With her back turned, Jo Ann Smith couldn't see if the approaching bus was the one she was waiting for.

Her bus would come from the west, but standing at the corner of Fifth Street and Broadway, she positioned herself to the east because on Monday the blustery wind was full of leaves. She didn’t want a face full of fall foliage.

Leaves and the wind, she said, weren't so bad.  The temperature was warm, and when she gets on the bus she could always just brush debris off her sweater and put her disheveled hair back in place.

Other days, however, it can be bad.

“Think about when it gets real cold,” she said.  “When you got sleet and snow coming down and you don’t have anything protecting you.”

What was missing, she said, is a sheltered bus stop. This TARC stop doesn't have one.

Just about 4 percent of some 4,500 TARC stops are sheltered, said Clifford Kuhl, a schedule analyst for TARC.  That means only 200 TARC stops offer some type of shelter from the elements.

Here is a map of all TARC stops, courtesy of TARC.  The symbols are sheltered stops, the orange dots are unsheltered stops.

(For an interactive version of this map, click here.)

“We need that shelter over our heads when we are standing out here,” Smith said.  “When you got one with a shelter it’s more convenient for anybody.”

Kuhl acknowledged the need for “a lot more shelters,” but he said Louisville is unlikely to see a surge in shelter installations.  For starters, the shelters are costly (about $7,000) and TARC’s budget doesn’t have any room to upgrade thousands of bus stops.

“We’re trying to focus almost everything we’ve got just on keeping service on the street,” Kuhl said.

In fact, dwindling resources may soon have some serious impacts on Louisville’s public transportation, TARC director Barry Barker told WFPL earlier this month.

“We really don’t have the money on hand to sustain the level of service we’ve got out there,” Barker said.

Related: Louisville's Public Transit Has Miles To Go, TARC Director Says

And demands from riders persist despite a lack of resources, Kuhl said.

“There’s a lot of demand, a lot of requests for shelters,” he said.

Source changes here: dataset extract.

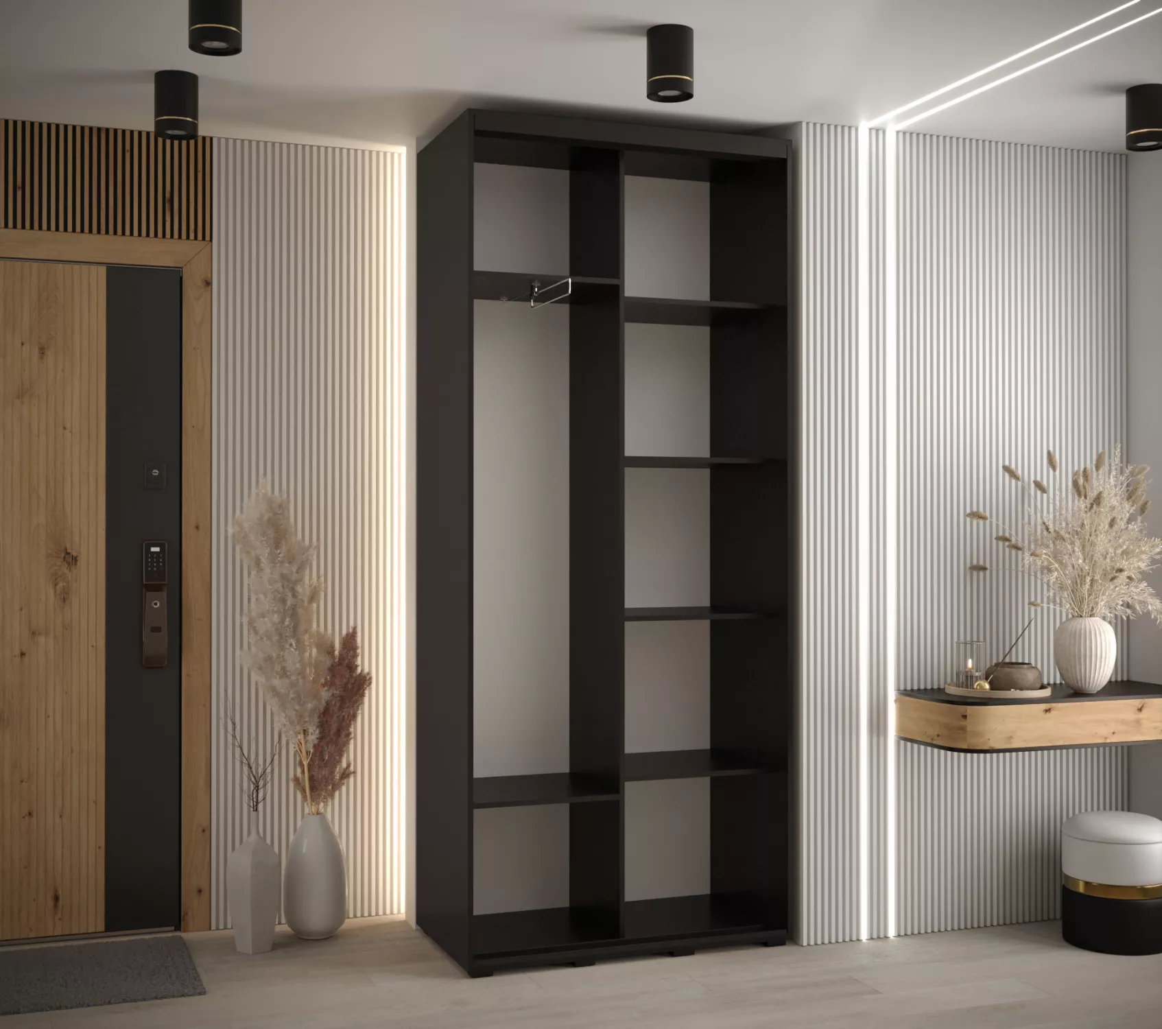 Šatní skříň ASIRI 13 - 120/45 cm, černá / stříbrná

Some requests for shelters come from stops that “aren’t worth it,” which Kuhl said means there aren’t enough riders to warrant a shelter.  Others, he said, come from stops in areas that are prone to vandalism.

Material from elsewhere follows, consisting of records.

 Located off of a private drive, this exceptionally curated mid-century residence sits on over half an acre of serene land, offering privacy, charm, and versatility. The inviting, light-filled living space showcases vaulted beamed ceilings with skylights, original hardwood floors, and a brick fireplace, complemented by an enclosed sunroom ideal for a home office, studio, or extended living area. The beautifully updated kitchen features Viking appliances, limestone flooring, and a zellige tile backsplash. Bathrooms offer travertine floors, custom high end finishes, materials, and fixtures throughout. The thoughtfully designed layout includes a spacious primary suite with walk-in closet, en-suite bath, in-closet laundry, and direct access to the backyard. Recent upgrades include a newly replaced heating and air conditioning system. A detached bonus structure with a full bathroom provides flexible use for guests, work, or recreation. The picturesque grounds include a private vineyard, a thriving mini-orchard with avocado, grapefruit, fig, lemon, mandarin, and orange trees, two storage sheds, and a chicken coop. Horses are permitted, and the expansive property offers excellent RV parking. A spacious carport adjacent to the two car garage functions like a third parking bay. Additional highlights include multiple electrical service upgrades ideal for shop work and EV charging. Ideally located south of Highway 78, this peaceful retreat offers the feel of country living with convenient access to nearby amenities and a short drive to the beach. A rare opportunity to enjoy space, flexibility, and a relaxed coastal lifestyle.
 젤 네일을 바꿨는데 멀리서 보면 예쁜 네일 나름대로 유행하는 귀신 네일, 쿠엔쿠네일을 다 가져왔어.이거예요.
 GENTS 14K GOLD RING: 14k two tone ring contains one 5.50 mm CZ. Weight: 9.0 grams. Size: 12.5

Busier stops are at the top of the list for shelters, specifically, stops that have “over 100 boardings per day,” Kuhl said.

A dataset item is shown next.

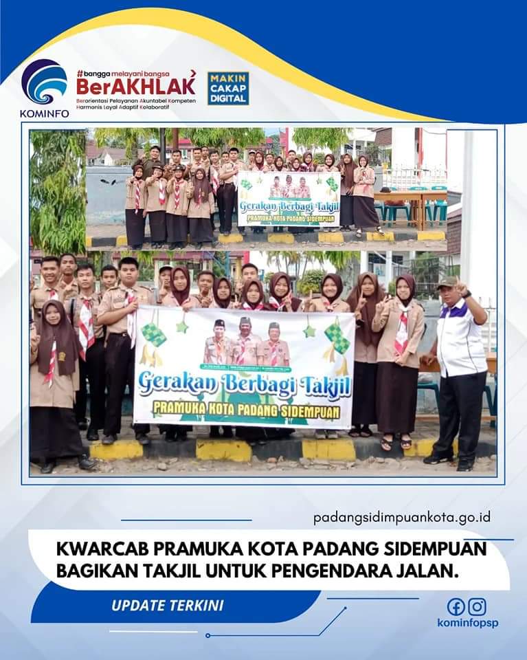 Kwartir Cabang Pramuka Kota Padang Sidempuan selenggarakan pembagian takjil serentak kepada pelintas ruas jalan di Kota Padang Sidempuan, Jumat (14/04/2023).

But determining which stops are the busiest is tricky.

TARC currently has no automated rider counting system, Kuhl said.  That won’t be coming for a few years.  Random counts are done a few times a month, however, to give officials an idea of ridership, he added.

“We actually have a person on board the bus that has to tally boardings and deboardings at each stop,” Kuhl said.

Standard TARC stops are supplied and maintained by CBS Outdoor through a contract with TARC, Kuhl said.  This means that CBS Outdoor acquires the advertising space that, in turn, funds the shelter.

Kuhl said TARC owns the shelters and gets a commission from the advertisement.

Other stops, like one near Papa John’s Cardinal Stadium on University of Louisville’s campus and another near Meijer in Jeffersonville boast amenities like heat and solar-powered lights.  These stops are not funded through TARC or through CBS Outdoor ads, but still serve TARC riders, Kuhl said.

Two more non-TARC funded stops are also in the works.  The construction of these stops, set for Logan and Oak streets and Fourth and Kentucky streets, are being funded through a crowd-source initiative led by several community organizations.

“If we can provide a little bit of shelter—we think that’s a positive step,” said Mark Noll, the membership coordinator for the non-profit group Bicycling For Louisville, one of several groups spearheading the installationof the crowd funded stops.

For Jo Ann Smith, that is a positive step.  She said she's ridden TARC buses as many as four times a day for more than 20 years.

Each day she leaves her home and waits for the bus at a stop that is nothing more than a pole, a sign and a sidewalk.

She waits in the heat, she waits in the cold, and she waits in the rain.

“But I know that somewhere down that line I will make it to one of the ones that have the shelter," she said.